The hard drive is making scary noises and I'm experiencing increasingly-frequent lock ups. And now I noticed in System Profiler that I'd lost a 1/2G of RAM. Turns out this is a common issue and there is now an online petition about it.

I'm about to put AppleCare to the test. I want them to replace the RAM and/or logic board, give me a new drive, and ideally a new LCD - I have some of the dreaded 'white spots. Problem, is the behaviors are intermittent, and Apple has not acknoweldged the logic board problem at all. We'll see...

Update: I did in fact try to take it to the Apple Store in downtown SF, as Sam suggested. This is also what the AppleCare rep suggested.
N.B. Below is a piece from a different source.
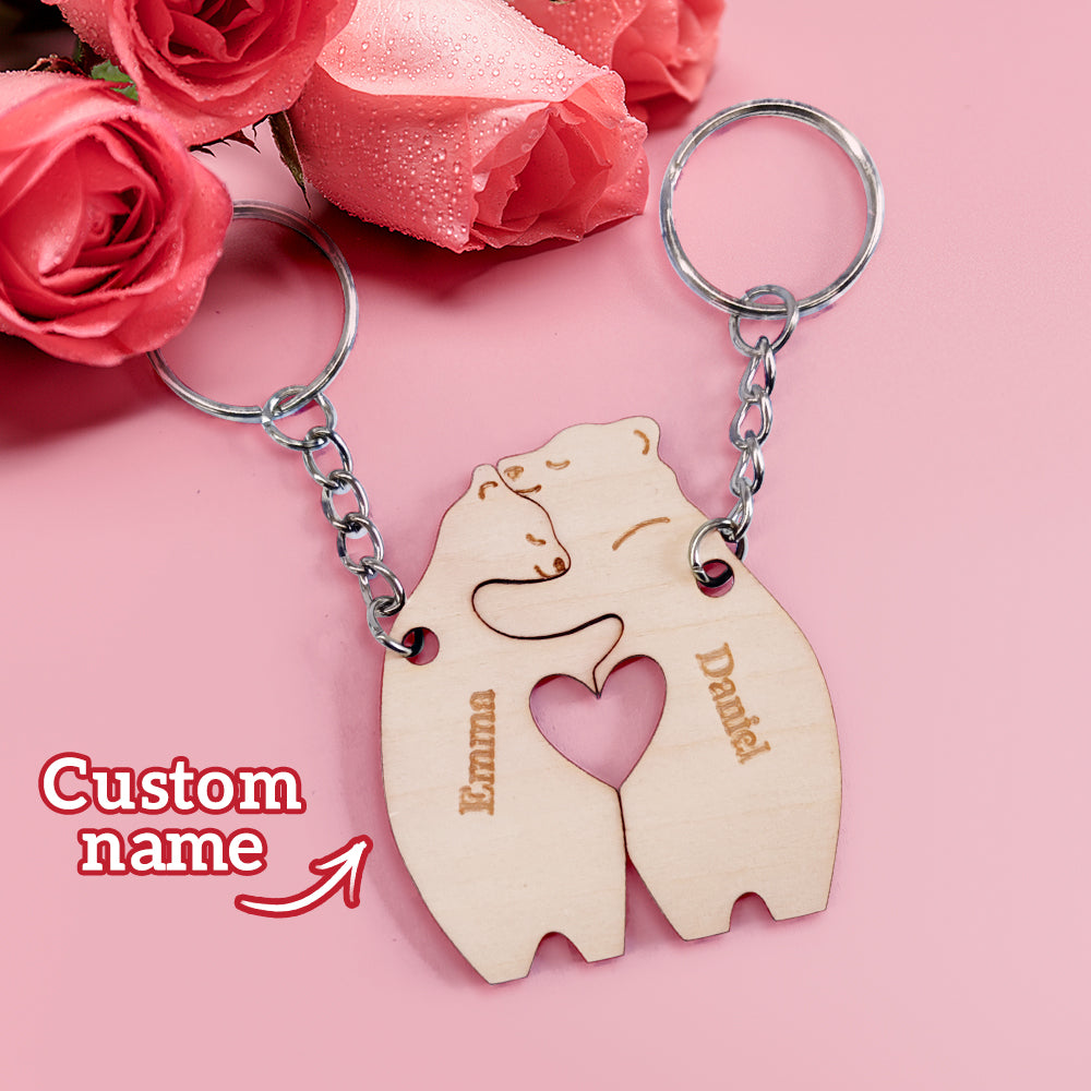 Porte-clés Personnalisé Assorti Pour Couple, Ours À Câlins, Cadeaux De Saint-valentin Pour Amoureux
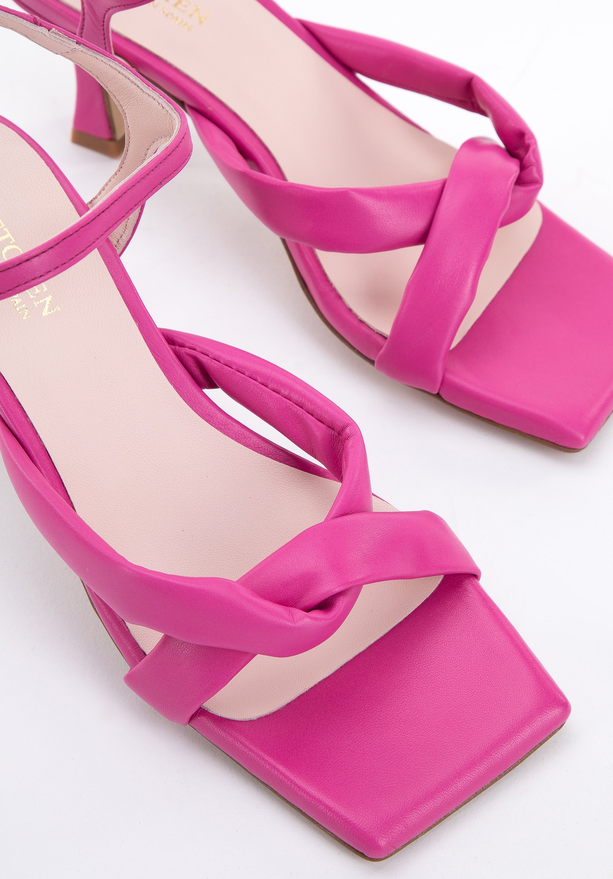 Diese Sandaletten sind ein modisches und bequemes Accessoire für jede Frau. Sie sind in Spanien aus hochwertigem Naturleder gefertigt.Die weichen Riemen an der Vorderseite des Schuhs umschließen den Fuß, während die Schließe am Knöchel ihn fest an seinem Platz hält. Die quadratische Schuhspitze ist sehr weich und rundet das Ganze stilvoll ab. Die Sandaletten für Damen aus Leder mit weichen Riemen sind eine gute Wahl, egal ob Sie sie zu einem ausgestellten Kleid oder zu Ihrer Lieblingshose mit weitem Bein und Hemd tragen.

However, this is not a good idea - the wait for a 'Genius' was 90 minutes. There apparently is no way to just drop the thing off and go. Heck with that. (Sam reports the wait at Stonestown is much shorter, but I'm not going all the way out there).

Called for the box from DHL, got it Friday morning, put the machine in, called them again, they came back in the afternoon, and off it went. So far so good with AppleCare.

More updates: got the machine back on Tuesday. Very fast turnaround. Unfortunately, all they did was swap out the logic board. No new screen, no new drive, no explanation. Maybe I have to resort to talking to a genius.

I also noticed that they reinstalled the one RAM chip I sent them to the upper slot - the one that doesn't malfunction. Maybe a coincidence, or maybe they were hedging against the possibility that the bottom RAM slot would fail again. Hmm.